● **What to do**:
Restate word for word the material below, starting at the line that contains "Chesterfield Velvet Queen" and stopping after the last line; skip pictures.

● **Record set**:
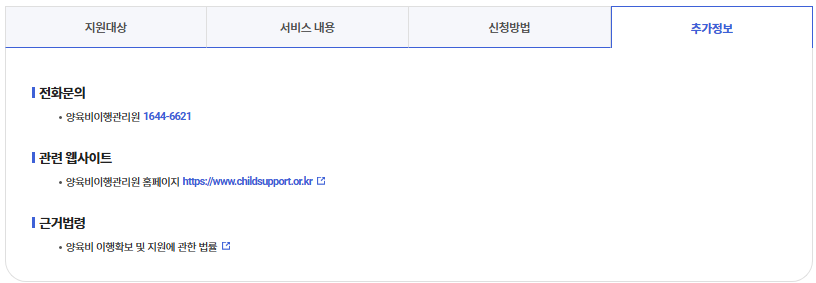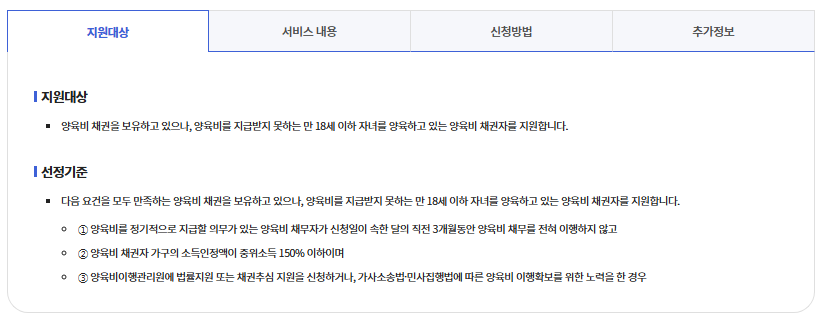 | 추심 지원 | 양육비 채권 추심 지원 | 회수 완료시까지 | 확정된 양육비 채권 보유 |
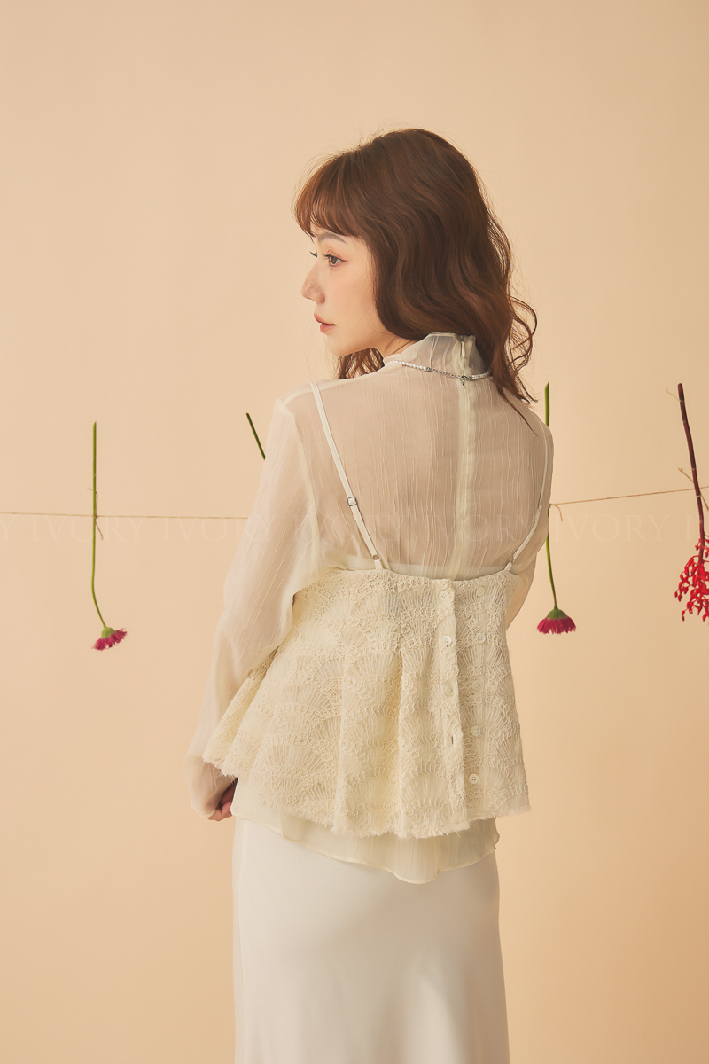 Q51021美人魚貝殼緹花蕾絲細肩背心
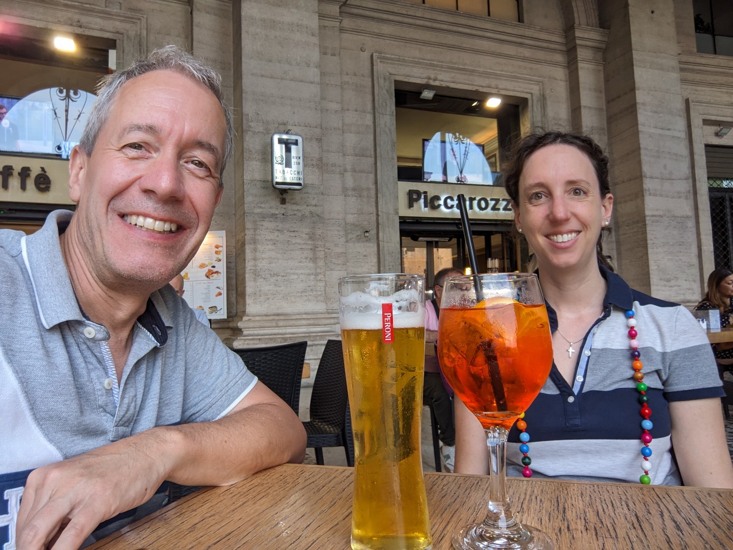 Am Rande des Piazza Del Popolo genossen wir ein Bier bzw. Aperol Spritz.
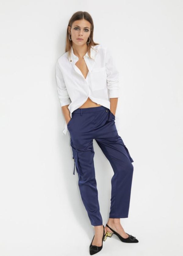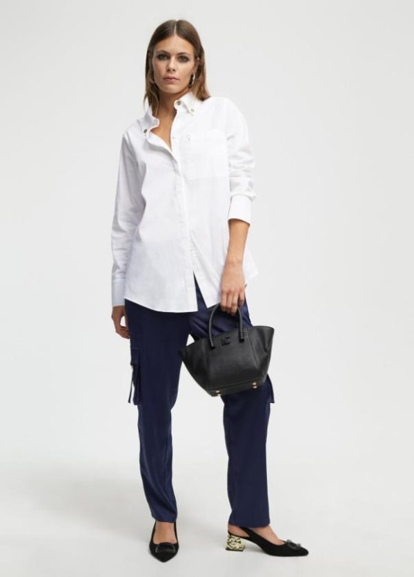 Camisa con botón metálico en cuello. Puños camiseros. Cerrada con botones bajo tapete. Pliegue en espalda con detalle logo a contraste.
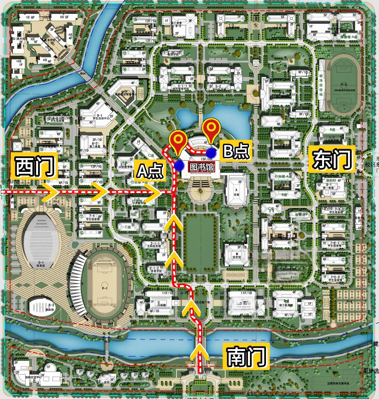 2. 我院办公场地已搬迁至图书馆13层、14层,具体路线可参考下图,由图中A点(图书馆西侧)或B点(图书馆东北角)两处乘坐电梯至13层参加复试,请考生提前熟悉路线,避免因走错电梯耽误时间影响复试。
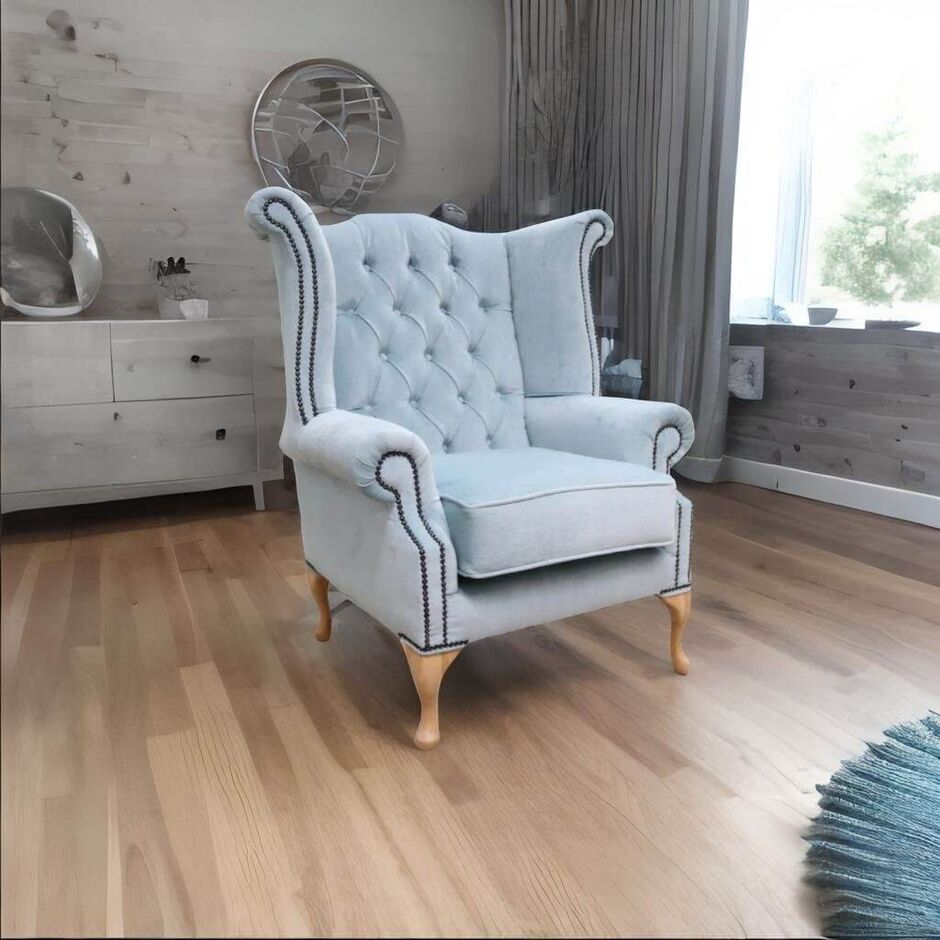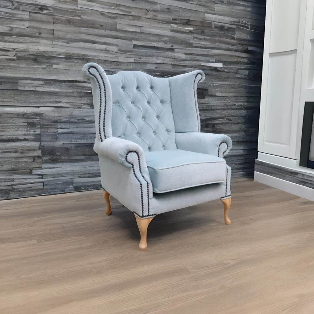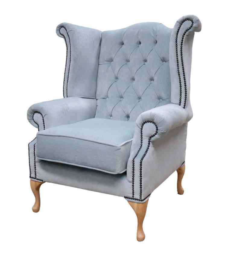 Chesterfield Velvet Queen Anne High Back Wing Chair Lustro Moonlight
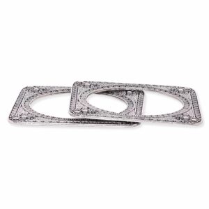 The square design adds a modern twist to these traditional pieces, making them a unique and versatile addition to your jewelry collection. The oxidized finish lends a touch of vintage charm, while the intricate craftsmanship showcases attention to detail. Material & Care Material : Brass Collection: Oxidized Net Quantity: 2 Bangles Care Label : It is advisable to avoid contact with water and organic chemicals i.e. perfume sprays. Store jewellery in airtight box. After use, wipe the jewellery with soft cotton cloth.
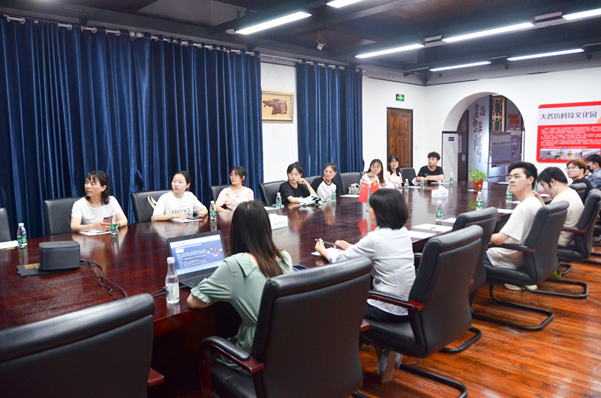 隨后,園區(qū)開展產學研習交流會,會上向調研組系統(tǒng)的介紹了園區(qū)文化歷史、產業(yè)分布、運營特色等,并針對學生的疑問進行解答。

● **Answer section**:
 Chesterfield Velvet Queen Anne High Back Wing Chair Lustro Moonlight
 The square design adds a modern twist to these traditional pieces, making them a unique and versatile addition to your jewelry collection. The oxidized finish lends a touch of vintage charm, while the intricate craftsmanship showcases attention to detail. Material & Care Material : Brass Collection: Oxidized Net Quantity: 2 Bangles Care Label : It is advisable to avoid contact with water and organic chemicals i.e. perfume sprays. Store jewellery in airtight box. After use, wipe the jewellery with soft cotton cloth.
 隨后,園區(qū)開展產學研習交流會,會上向調研組系統(tǒng)的介紹了園區(qū)文化歷史、產業(yè)分布、運營特色等,并針對學生的疑問進行解答。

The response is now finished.